One of the most commons reasons to use recurring big data analytics is to perform processing in near real-time. For example, a big data analytic configured to run every few minutes or hours which processes only the most recent features written and stored in a feature layer.

As another example, consider a real-time analytic configured to receive data from a feed that collects vehicle location updates every 10 seconds. This real-time analytic writes event data to a Feature Layer (new) output and calculates a date field (such as process_timestamp) with the time in which an event was processed using the Arcade Date() function. To complement this real-time analytic, a scheduled recurring big data analytic can be configured that uses the output of the real-time analytic as its data source. In this recurring big data analytic, a Feature Layer source would be configured to ingest the feature layer output created by the real-time analytic.
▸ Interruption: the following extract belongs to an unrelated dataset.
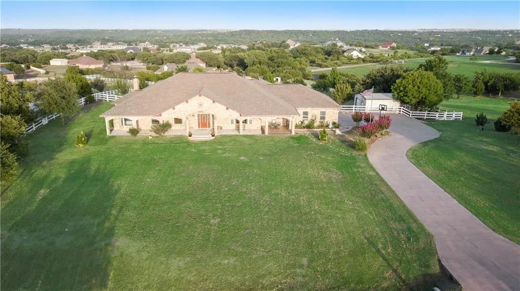 Beautiful 1 story home in gated community sits at the top of the hill featuring gorgeous views of the countryside. You have a view from everywhere on the property inside & out from the long covered front porch, back patio & all of the oversized interior rooms.Located on 4+ acres with over 40 trees lining the property. Country living with convenient access to Fort Worth & Benbrook. Bring your horses! Property also features a,3 car garage,2 half baths,1 on each end plus 2 full baths, 20x20 workshop Wonderful master suite,3 other large bedrooms with 1 currently used as a game room with a fireplace.Kitchen has Corian counter tops,double ovens,island,breakfast bar. Google maps is wrong as to location.No city taxes!

When configuring the feature layer source, on the Filter Data tab, a where clause can be specified which leverages a date field of when the observation was processed as well as the global variables of the analytic to only load in the most recent features since the last time the big data analytic was run.

This where clause expression would look like process_timestamp >= $analytic.AnalyticLastScheduledStartTime and process_timestamp < $analytic.AnalyticScheduledStartTime, assuming that the name of the date field created in the real-time analytic was process_timestamp.

Configure feature layer to load a subset of features based off a processed date field and global variables

The big data analytic would be configured to run at the desired repeat interval such as every 5 minutes. Using the global analytics specified above, only the most recent features that had not yet been processed would be analyzed by the big data analytic.